Available records

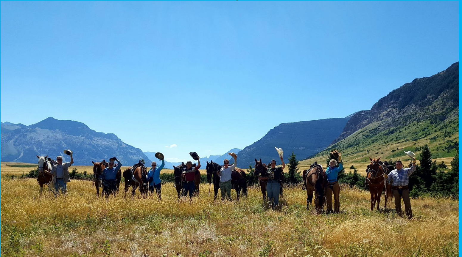
1 st People and Horses by June Janson
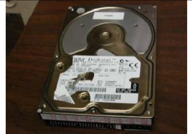
The first step was to remove the screws on the drive lid. I suspect this voided the warranty, but we were on a mission.

I had to visit a few different people before I finally found a set of torx screwdrivers in size 8. (note to self: purchase a torx 8 screwdriver from sears).
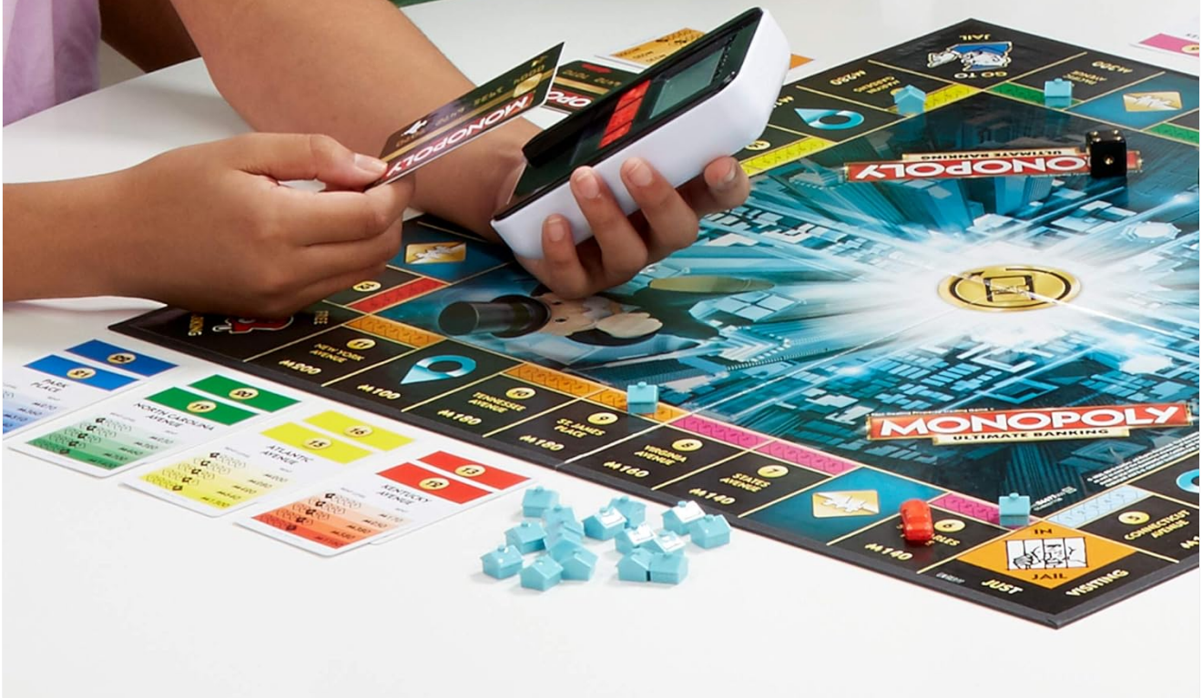
Image: Two children engaged in gameplay, using the all-in-one banking unit to manage their transactions.
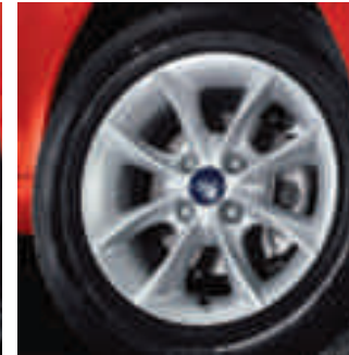
14" 4x2-spoke alloy wheel (Option on Edge, or as an accessory on all other models)
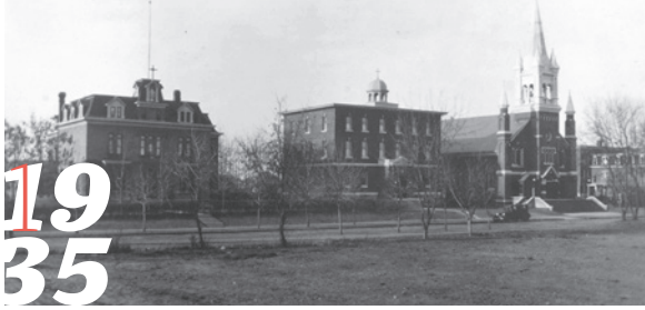
The Oblate Provincial House, flanked by the Convent (left) and St. Joachim (right) c. 1937.

Problem details
All of the records should be set down exactly, minus the pictures they hold.

Response to this exercise
1 st People and Horses by June Janson
The first step was to remove the screws on the drive lid. I suspect this voided the warranty, but we were on a mission.

I had to visit a few different people before I finally found a set of torx screwdrivers in size 8. (note to self: purchase a torx 8 screwdriver from sears).
Image: Two children engaged in gameplay, using the all-in-one banking unit to manage their transactions.
14" 4x2-spoke alloy wheel (Option on Edge, or as an accessory on all other models)
The Oblate Provincial House, flanked by the Convent (left) and St. Joachim (right) c. 1937.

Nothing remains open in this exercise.